1401-1501: A Century of Changes in the Ties between Poland and Lithuania 

At the end of December 1400, Jogaila and Vytautas met in Gardinas to acknowledge the new reality and reach an understanding that was ratified by representatives of both the Kingdom of Poland and the Grand Duchy of Lithuania. These acts (in Vilnius on January 18, 1401, and in Radom on March 11, 1401) established a new division of rule between the two Gediminians.10 Jogaila, King of Poland and heritor of Lithuania, retained his patrimonial rights to Lithuania and the title of Supreme Grand Duke but conferred on Vytautas the right to govern Lithuania for life with the title of Grand Duke. Vytautas, in turn, took an oath of loyalty to King Jogaila and to the composite monarchy of the Polish Crown. 

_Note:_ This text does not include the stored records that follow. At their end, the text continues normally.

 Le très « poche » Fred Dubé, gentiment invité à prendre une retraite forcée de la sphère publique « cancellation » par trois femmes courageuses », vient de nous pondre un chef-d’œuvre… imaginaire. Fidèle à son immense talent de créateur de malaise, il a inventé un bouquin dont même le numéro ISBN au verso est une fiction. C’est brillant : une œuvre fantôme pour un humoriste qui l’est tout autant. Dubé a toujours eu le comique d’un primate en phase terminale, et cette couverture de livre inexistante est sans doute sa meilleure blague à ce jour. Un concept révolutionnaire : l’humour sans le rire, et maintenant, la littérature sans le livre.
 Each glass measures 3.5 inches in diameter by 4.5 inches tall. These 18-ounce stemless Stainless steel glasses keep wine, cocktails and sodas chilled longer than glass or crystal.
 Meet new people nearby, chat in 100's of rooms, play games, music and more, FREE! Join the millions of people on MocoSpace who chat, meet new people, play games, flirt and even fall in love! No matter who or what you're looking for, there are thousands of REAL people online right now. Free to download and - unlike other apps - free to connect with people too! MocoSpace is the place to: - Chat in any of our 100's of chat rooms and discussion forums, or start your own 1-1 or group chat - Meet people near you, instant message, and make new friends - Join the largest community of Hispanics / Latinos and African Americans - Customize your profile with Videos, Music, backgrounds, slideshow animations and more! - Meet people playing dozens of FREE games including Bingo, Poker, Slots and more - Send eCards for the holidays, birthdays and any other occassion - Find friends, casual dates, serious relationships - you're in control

Also established was the order of succession to the sovereignty of the two states: should Vytautas die first, Jogaila would become ruler of the Grand Duchy of Lithuania and his heirs would have rights. However, should Jogaila predecease Vytautas without heir, the new King of Poland would be selected with the participation of Vytautas and the nobility of Lithuania. Both states agreed to support each other in foreign affairs. 

The Vilnius-Radom Act of 1401 established a new status for the Grand Duchy of Lithuania and created a new model for the two states ruled by Jogaila. For the first time the representatives of the politically emergent Lithuanian state were more than just supporters of Vytautas, and an act was enacted in their name. In other words, the Polish delegation was negotiating with an ally who held juridical rights to speak for Lithuania. This stabilized the situation and strengthened the respective positions of Poland and Lithuania internationally, an important consideration in the conflict with the Teutonic Order. 

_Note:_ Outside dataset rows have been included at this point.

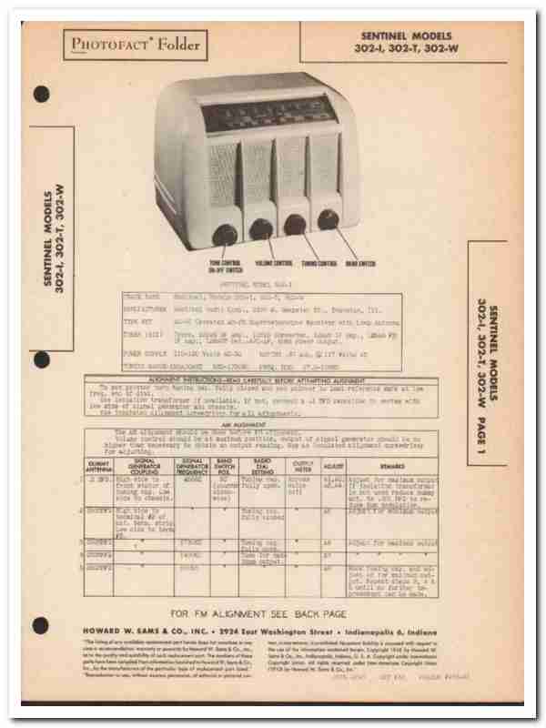 Sentinel model 302-I 302-T 302-W AM FM radio Sams Photofact manual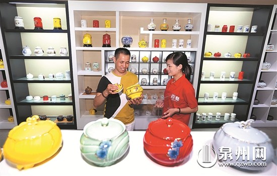 青花茶叶罐、大红釉茶叶罐、窑变茶叶罐、青瓷茶叶罐、汝窑茶叶罐……只要你能说得出的陶瓷茶叶罐,来到德化鼎艺礼瓷公司,你基本都能找得到。经常来这里订制陶瓷茶叶罐的老陈对记者说:“陶瓷茶叶罐不但装茶叶能防潮,还让茶叶原味持续保持清香。一包茶叶装在陶瓷罐里,一下子提高了送礼的档次。今年中秋,我已经订制一整箱陶瓷茶叶罐送给周边的亲朋好友,特有面子。”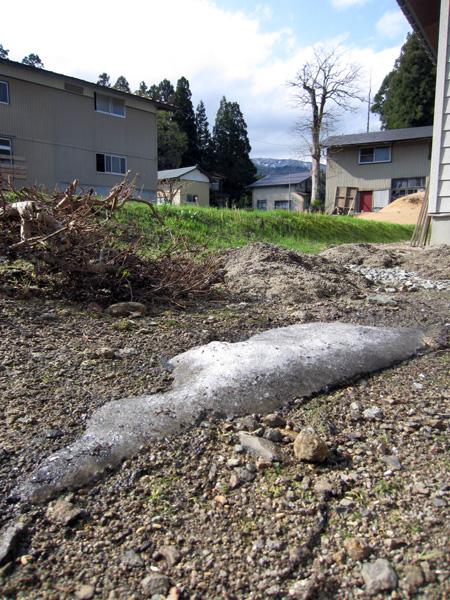 裏庭にもっさりつもっていた雪も春風に吹かれて、こんなに小さくなりました。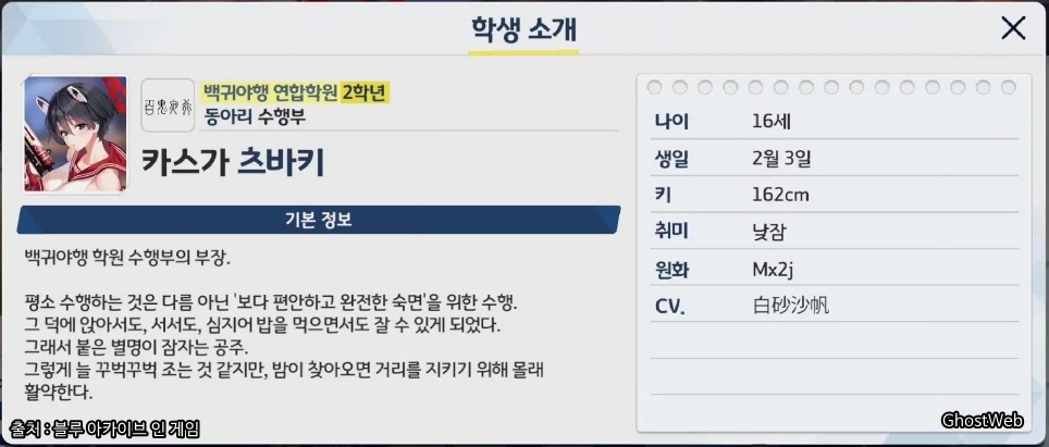 | 설명 | 백귀야행 학원 수행부의 부장. 평소 수행하는 것은 다름 아닌 '보다 편안하고 완전한 숙면'을 위한 수행. 그 덕에 앉아서도, 서서도, 심지어 밥을 먹으면서도 잘 수 있게 되었다. 그래서 붙은 별명이 잠자는 공주. 그렇게 늘 꾸벅꾸벅 조는 것 같지만, 밤이 찾아오면 거리를 지키기 위해 몰래 활약한다. ![]() |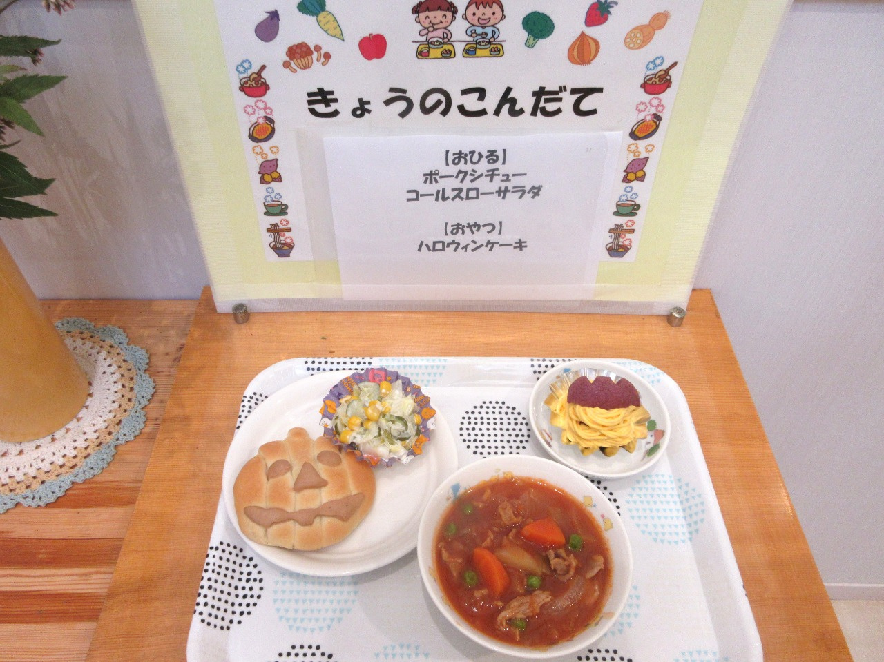 今日の給食とおやつは、ハロウィン特別メニューでした!カボチャのパンやハロウィンケーキに皆、大喜びで食べていました。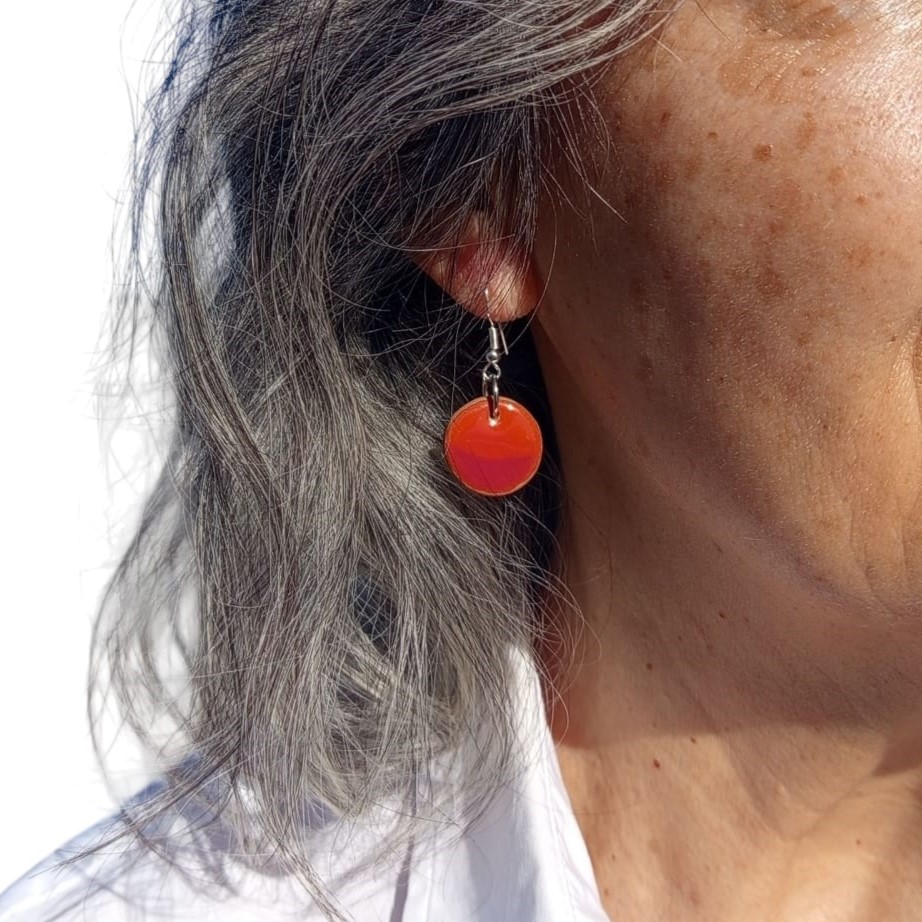 Pendientes redondos pequeños naranja y rojo

The mutual victory over the Teutonic Order in 1410 at the battle of Žalgiris (Grunwald, Polish; Grünwald, Tannenberg, German) altered the international scene as well as the distribution of power in Poland and Lithuania. The Order, although defeated, was not vanquished, and rapidly regained strength. When the Toruń Peace Treaty of February 1, 1411 failed to resolve the Order’s conflicts with Poland and Lithuania, a new war loomed on the horizon. Vytautas solidified his standing in the political arena of Poland and Lithuania by gaining the support of a bloc of Polish nobles. In view of the new developments, the agreements of 1401 had to be revised. Jogaila and Vytautas met in 1413 in Horodlė (Horodło, near the Bug River in Poland), and in the presence of the nobility of both states drew up new agreements stipulating the reorganization of internal affairs in the Grand Duchy of Lithuania in alignment with its Polish partner. These consisted of three official records: a joint statement by Jogaila and Vytautas plus two separate documents by Polish and Lithuanian magnates and nobles.11 

Historians have long since debated the true intent of the agreement between Jogaila and Vytautas, which states in the first paragraph that the Grand Duchy of Lithuania was incorporated into the realm of the Crown of Poland. Was this an accepted formula with no effect on sovereignty, or did it signify a factual incorporation? Also open to debate is the document’s Section 12, concerning the process of selecting a ruler after the respective deaths of Vytautas and Jogaila. This document stipulated that upon Vytautas’s death, Lithuania’s nobles shall not select a new ruler on their own, but use a process involving the King of Poland (or his successor) and representatives of the Polish and Lithuanian nobility. Further, should Jogaila predecease Vytautas and leave no legitimate heir, Poles would not select their new ruler on their own, but only with the participation and agreement by Vytautas and the Lithuanian ruling nobility. The phraseology suggests that succession rights were accorded longer duration than the lifetime of the sovereign. This indicates an acknowledgement of Lithuania’s statehood. 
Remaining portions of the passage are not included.